Judge: Alison Mackenzie, Case: 22STCV32850, Date: 2024-07-10 Tentative Ruling
Case Number: 22STCV32850 Hearing Date: July 10, 2024 Dept: 55
NATURE OF PROCEEDINGS: Demurrer
of Defendants SIOF 1 PROPERTIES, LLC, MARTIN MUOTO, ARI HORN, and GRAY
LUSK to Second Amended Complaint.
BACKGROUND
This case consists of two
consolidated cases related to a commercial lease dispute between the parties.

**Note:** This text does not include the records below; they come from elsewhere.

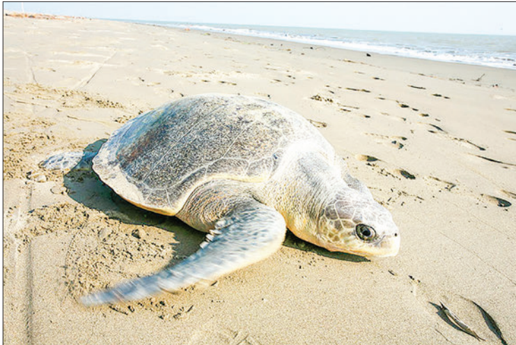
The Thameehla Island, where sea turtle species come to lay their eggs every month, regardless of the season.
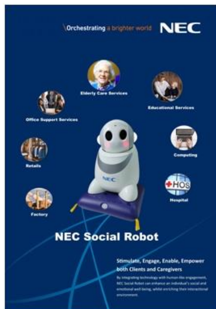
日本電氣香港有限公司 NEC 居家養老解決方案
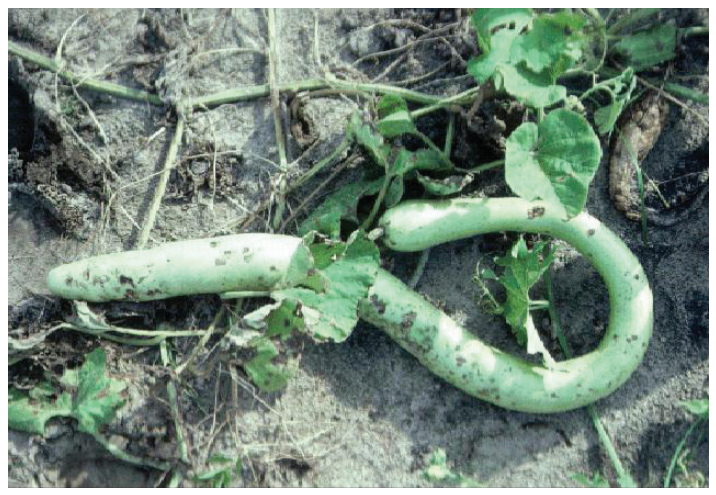
Figure 1. Cucuzzi gourd

Cucuzzi is also known as bottle gourd, calabash, suzza melon, zucca, Italian edible gourd, Tasmania bean, Guinea bean, New Guinea bean, and white flowered gourd. It is grown as a novelty garden item in Florida generally from seed advertised in seed catalogs as Guinea bean. The bottle gourd is another form, having somewhat different shaped fruits.
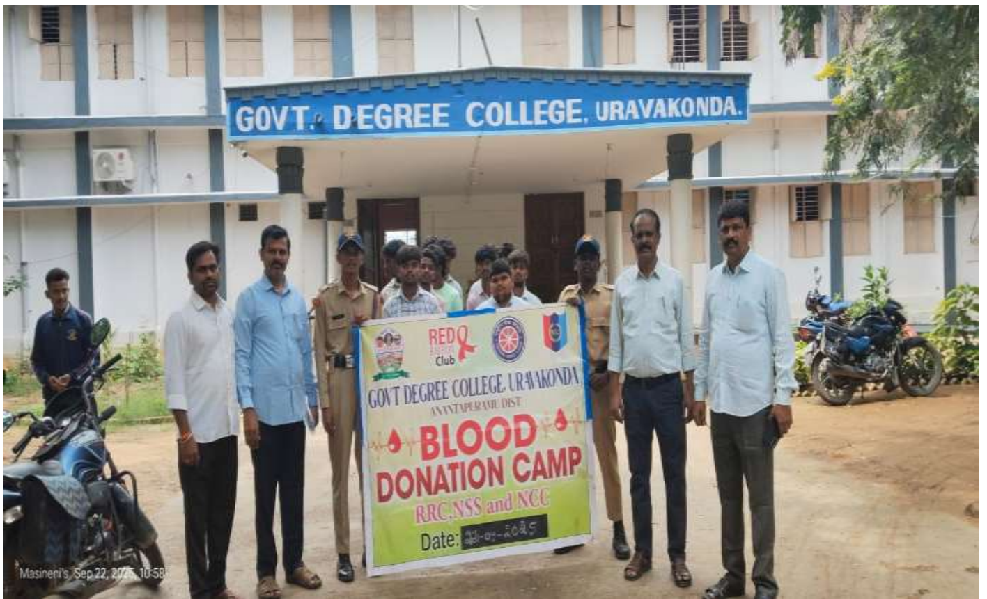
Masineri's, Sep 22, 2025, 10:58

In consolidated case number 22STCV38250, SIOF 1 PROPERTIES, LLC alleges claims
against PHOOD
FARMACY 2 LLC, ROBERT ANCILL, and THELMA ANCILL based on allegations that SIOF,
as commercial lessor and lender, agreed to provide over $350,000 for Phood
Farmacy’s improvements to prepare 1000 E. 60th Street, Los Angeles for
occupancy to operate a restaurant, but Phood Farmacy abandoned the premises
after about 7 months of possession and refuses to repay the loan or pay the
rent.
In consolidated case number 22STCV39896, PHOOD FARMACY
2 LLC, ROBERT ANCILL, THELMA ANCILL, and THE NEXT IDEA CONSULTING, LLC filed a Second
Amended Complaint (“SAC”) against SIOF 1 PROPERTIES, LLC; MARTIN MUTO; ARI HORN;
and GRAY LUSK (“Demurring Defendants”) regarding Demurring Defendants’ alleged
failure to perform commercial lease agreements including preparations for the
new restaurant. Those Causes of Action are (1) Breach of Contract, (2)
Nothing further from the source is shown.